**Your objective:** Only the lines below from the one that contains "Чернила NV PRINT" through the one that contains "Lot of VERY Vintage Elves With Wooden Sled" should appear in your answer, exact and without pictures.

**Source records:**

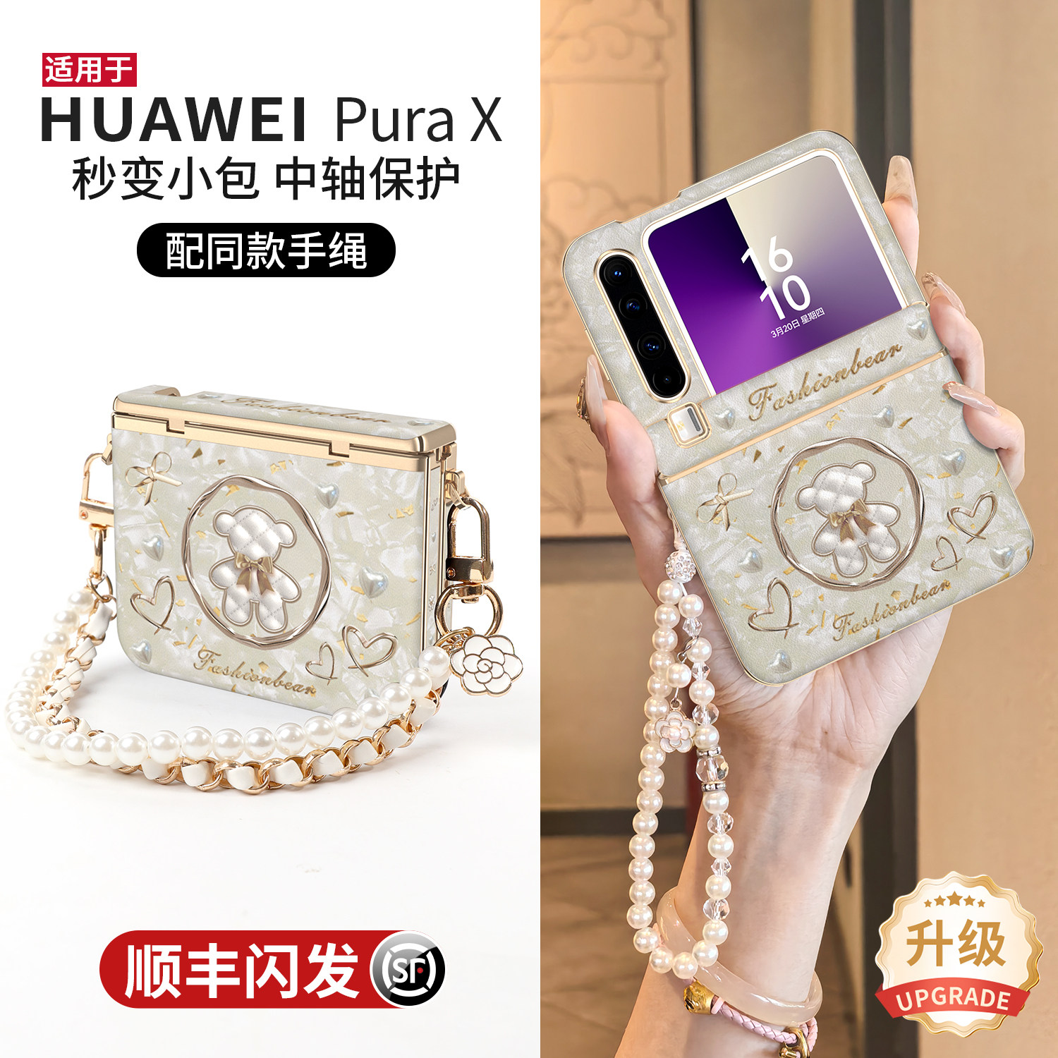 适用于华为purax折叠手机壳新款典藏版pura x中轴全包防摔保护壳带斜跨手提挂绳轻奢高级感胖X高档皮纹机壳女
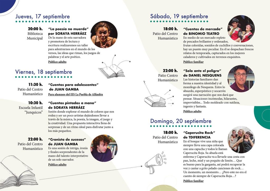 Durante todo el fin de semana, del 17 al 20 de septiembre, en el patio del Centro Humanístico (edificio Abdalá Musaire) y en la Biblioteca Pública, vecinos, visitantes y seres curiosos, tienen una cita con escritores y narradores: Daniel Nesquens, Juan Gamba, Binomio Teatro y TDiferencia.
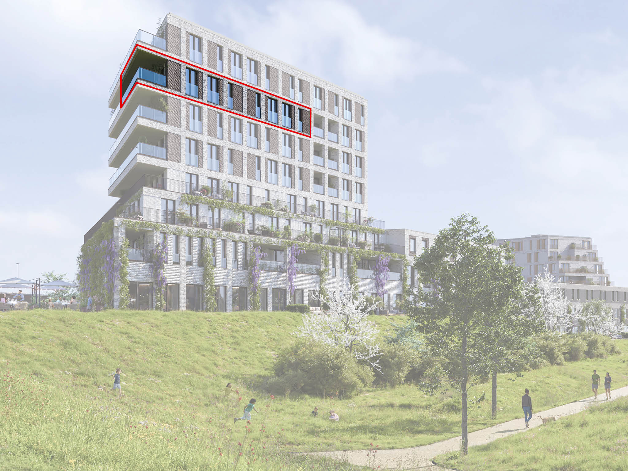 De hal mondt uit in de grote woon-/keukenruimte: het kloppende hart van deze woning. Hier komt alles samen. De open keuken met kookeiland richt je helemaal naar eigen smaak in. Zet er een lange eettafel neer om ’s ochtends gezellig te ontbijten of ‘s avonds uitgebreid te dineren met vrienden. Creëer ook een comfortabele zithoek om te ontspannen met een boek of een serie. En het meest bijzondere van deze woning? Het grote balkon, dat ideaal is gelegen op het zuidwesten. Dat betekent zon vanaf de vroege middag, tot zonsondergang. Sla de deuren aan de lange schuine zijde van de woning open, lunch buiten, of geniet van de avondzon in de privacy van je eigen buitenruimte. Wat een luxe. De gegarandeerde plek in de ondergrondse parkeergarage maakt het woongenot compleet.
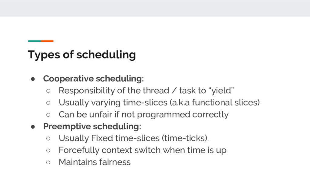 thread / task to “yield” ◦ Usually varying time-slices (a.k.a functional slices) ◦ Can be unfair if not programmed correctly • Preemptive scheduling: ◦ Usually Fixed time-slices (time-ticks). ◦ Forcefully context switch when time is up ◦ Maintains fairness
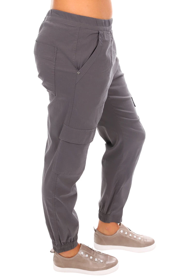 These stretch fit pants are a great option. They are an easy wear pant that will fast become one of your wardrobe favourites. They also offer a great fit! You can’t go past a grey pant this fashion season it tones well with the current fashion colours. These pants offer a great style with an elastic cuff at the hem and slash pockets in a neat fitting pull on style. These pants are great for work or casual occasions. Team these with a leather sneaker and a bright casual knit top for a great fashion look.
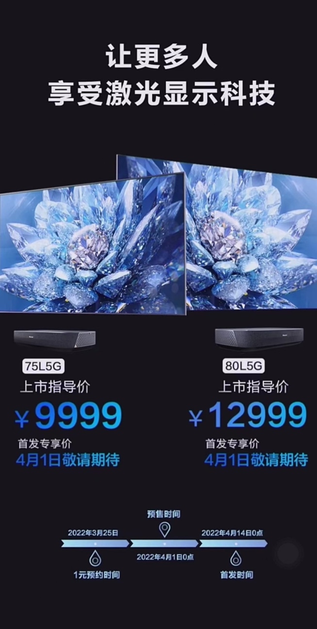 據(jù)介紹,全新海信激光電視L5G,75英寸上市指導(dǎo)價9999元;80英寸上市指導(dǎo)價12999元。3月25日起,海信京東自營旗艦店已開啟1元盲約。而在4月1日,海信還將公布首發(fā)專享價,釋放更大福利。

* * *

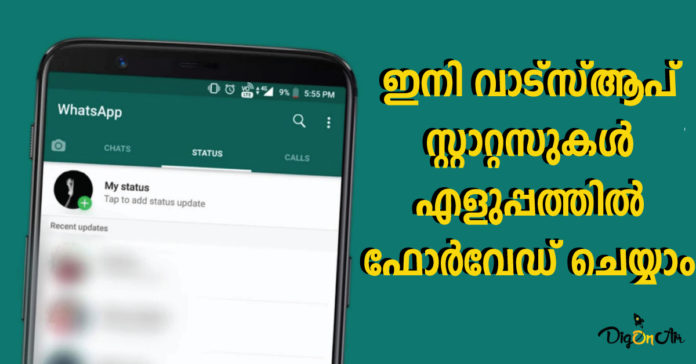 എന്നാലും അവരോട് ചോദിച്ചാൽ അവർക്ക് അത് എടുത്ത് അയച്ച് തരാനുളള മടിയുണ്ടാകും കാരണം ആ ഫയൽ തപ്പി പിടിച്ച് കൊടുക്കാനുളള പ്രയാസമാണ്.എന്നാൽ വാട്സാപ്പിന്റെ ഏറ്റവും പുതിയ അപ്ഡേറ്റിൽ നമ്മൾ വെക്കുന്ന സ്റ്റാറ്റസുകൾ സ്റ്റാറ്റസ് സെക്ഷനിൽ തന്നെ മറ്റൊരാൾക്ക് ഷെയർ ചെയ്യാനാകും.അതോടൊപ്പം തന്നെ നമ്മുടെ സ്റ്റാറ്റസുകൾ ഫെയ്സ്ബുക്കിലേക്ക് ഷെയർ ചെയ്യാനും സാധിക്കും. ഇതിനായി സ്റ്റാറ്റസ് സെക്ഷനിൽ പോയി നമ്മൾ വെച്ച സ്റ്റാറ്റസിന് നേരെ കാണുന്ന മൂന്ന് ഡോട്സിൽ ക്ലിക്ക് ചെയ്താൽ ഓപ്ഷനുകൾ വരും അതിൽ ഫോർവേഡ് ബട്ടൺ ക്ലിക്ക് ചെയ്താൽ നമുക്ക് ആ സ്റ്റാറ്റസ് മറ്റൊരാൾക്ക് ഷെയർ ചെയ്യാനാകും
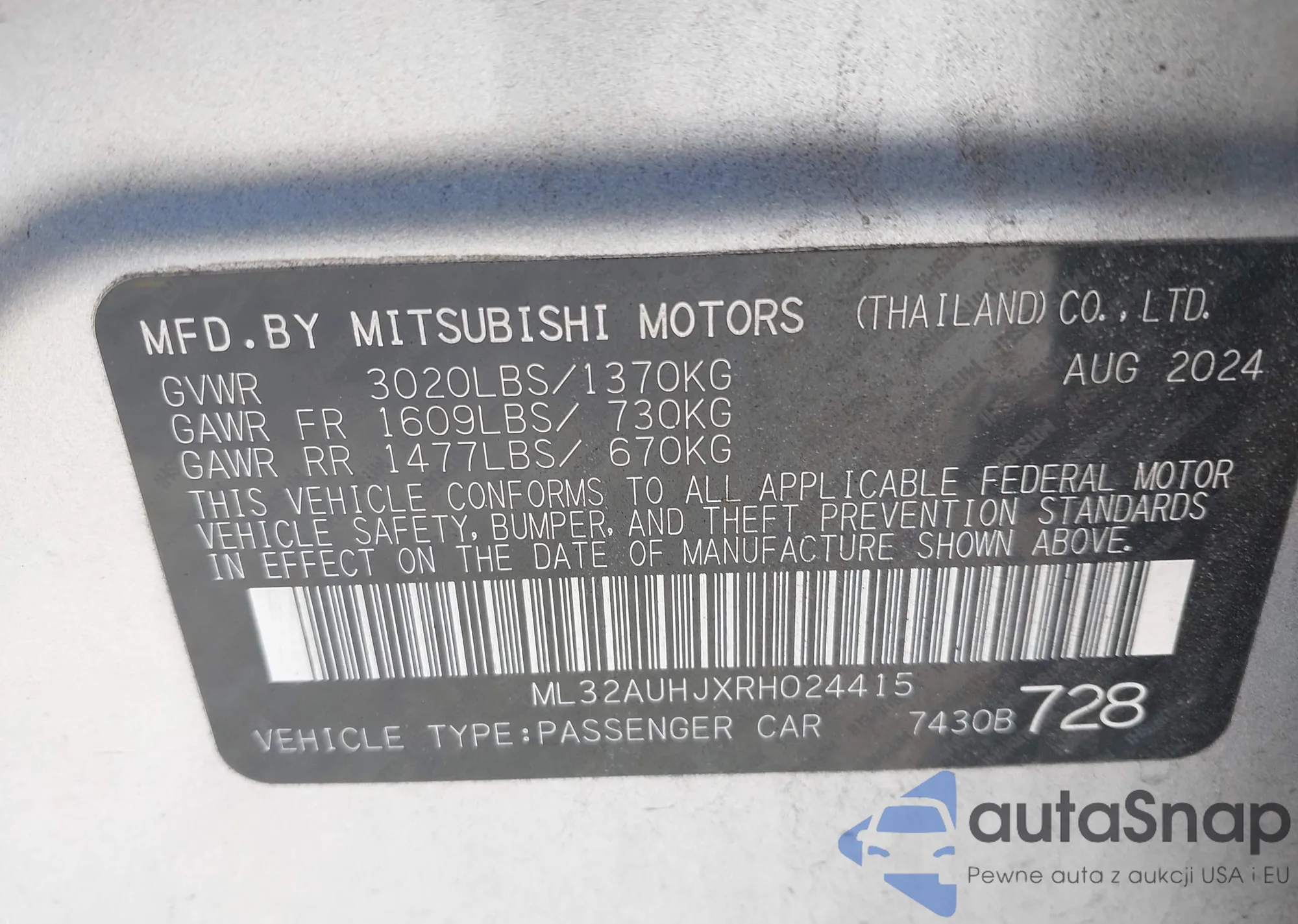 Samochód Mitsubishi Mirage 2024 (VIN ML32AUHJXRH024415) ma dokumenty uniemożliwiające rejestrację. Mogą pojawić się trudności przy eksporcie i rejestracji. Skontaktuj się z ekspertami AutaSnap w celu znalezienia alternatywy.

---

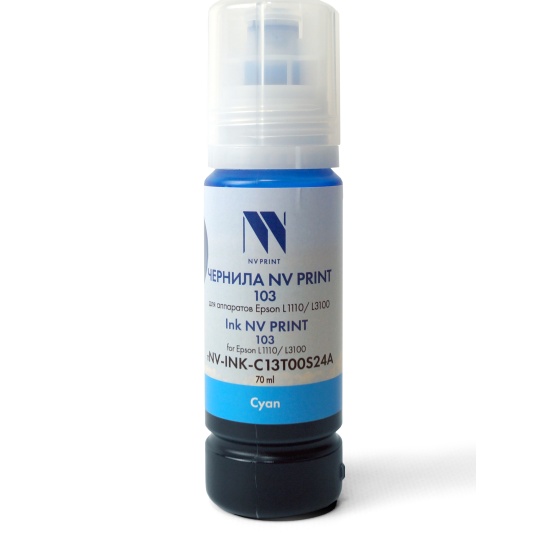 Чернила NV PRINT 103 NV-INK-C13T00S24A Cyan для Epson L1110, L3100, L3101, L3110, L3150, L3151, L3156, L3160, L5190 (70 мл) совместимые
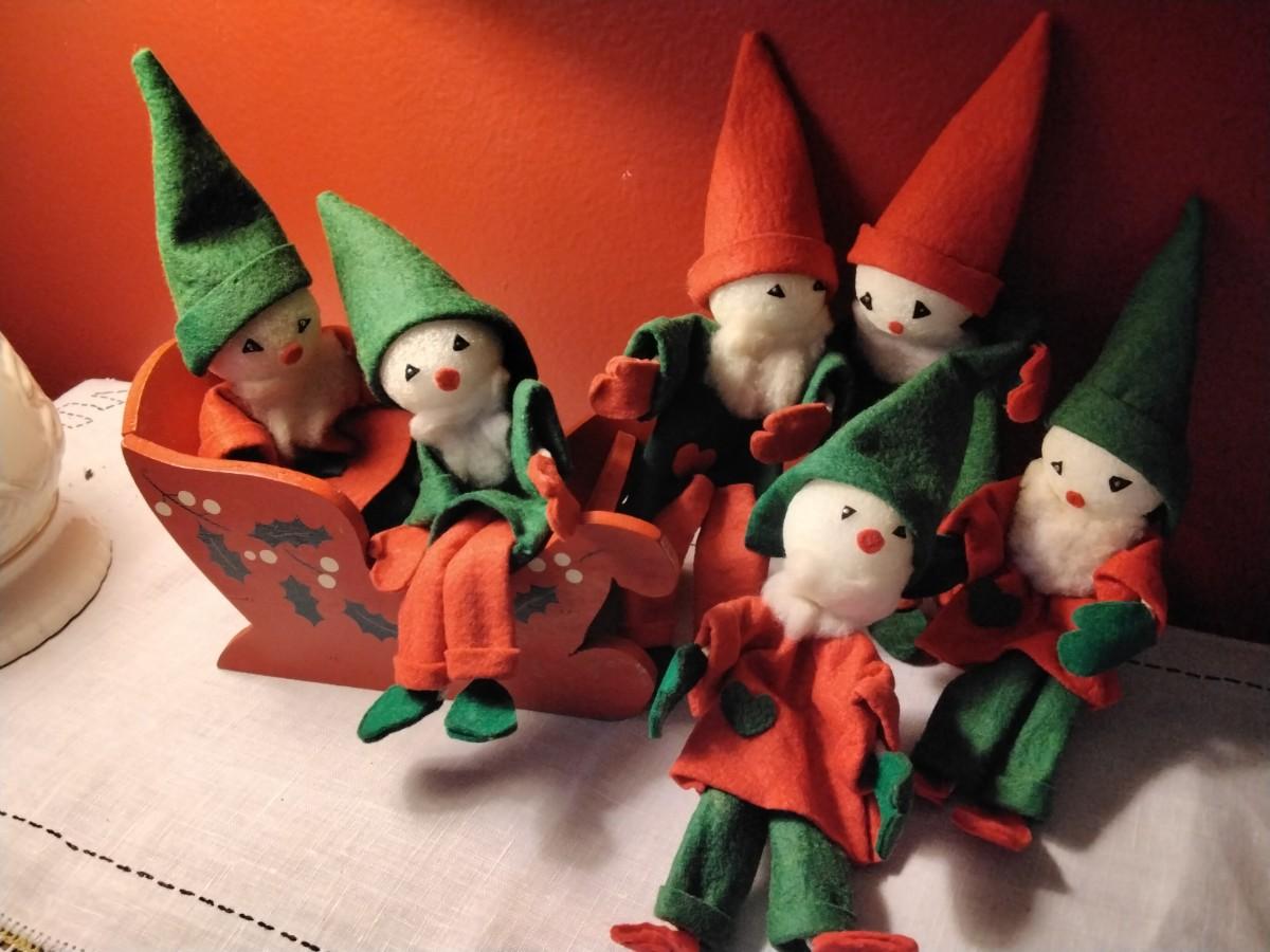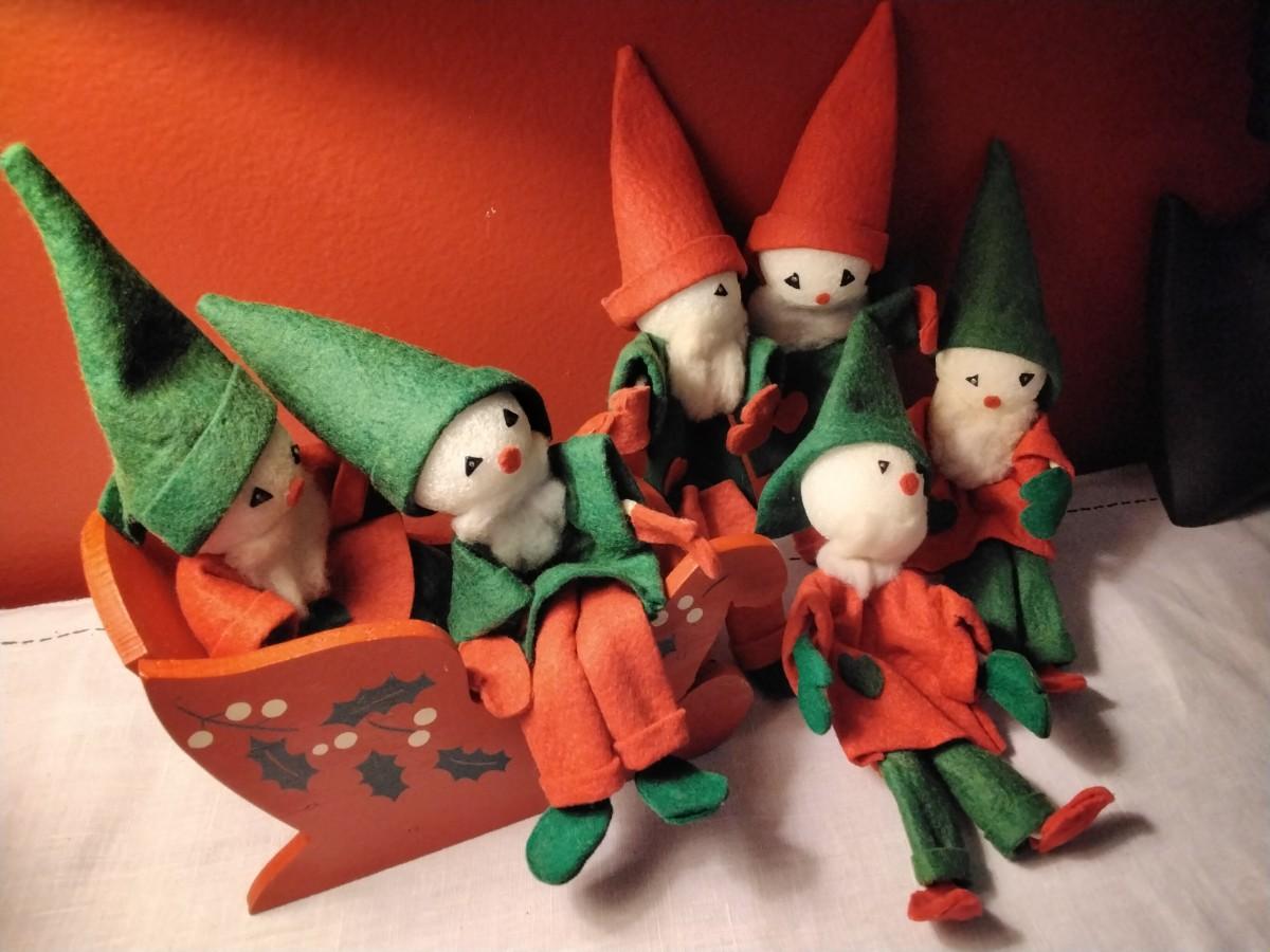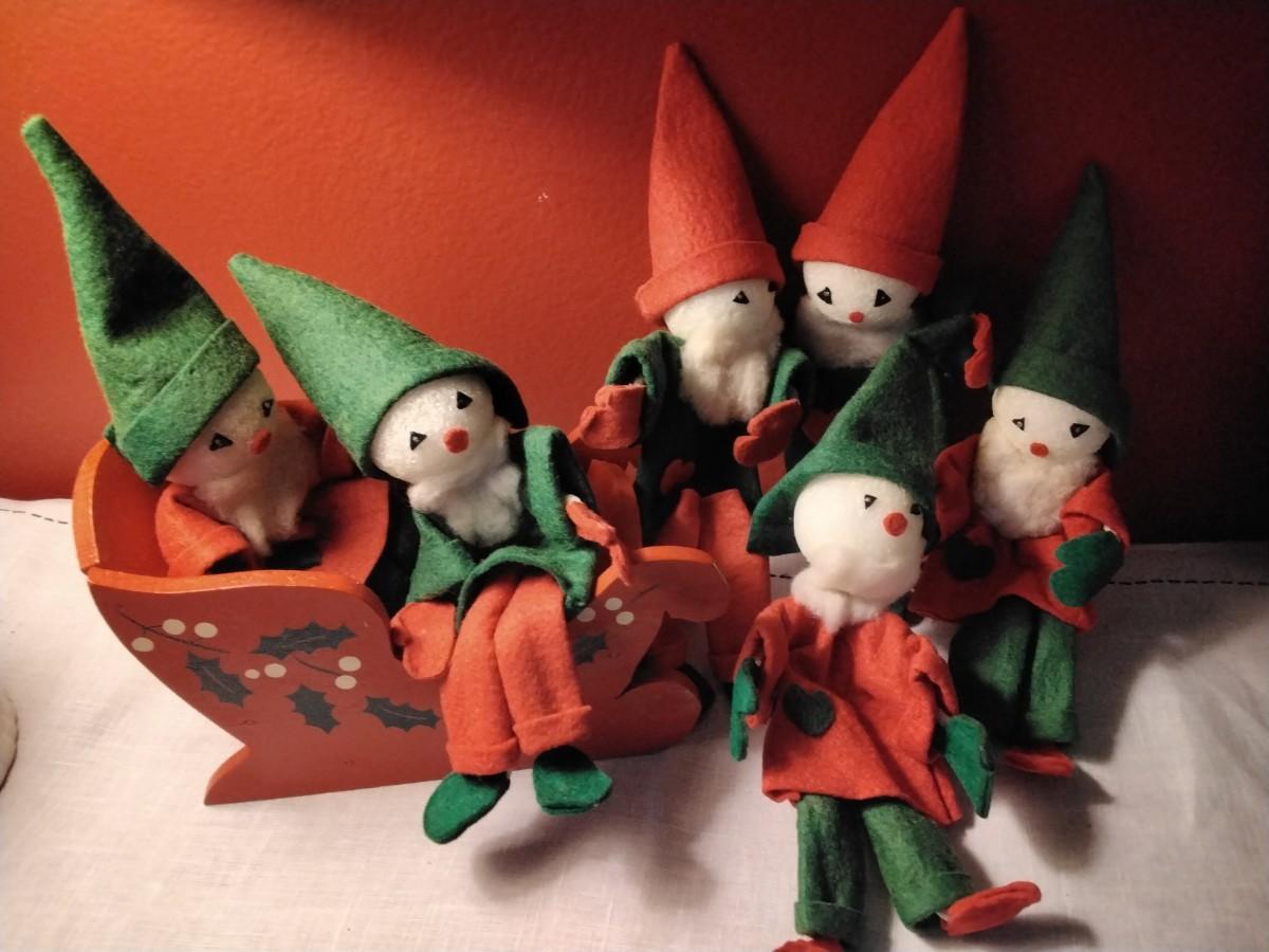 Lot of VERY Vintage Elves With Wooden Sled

**Response:**
 Чернила NV PRINT 103 NV-INK-C13T00S24A Cyan для Epson L1110, L3100, L3101, L3110, L3150, L3151, L3156, L3160, L5190 (70 мл) совместимые
 Lot of VERY Vintage Elves With Wooden Sled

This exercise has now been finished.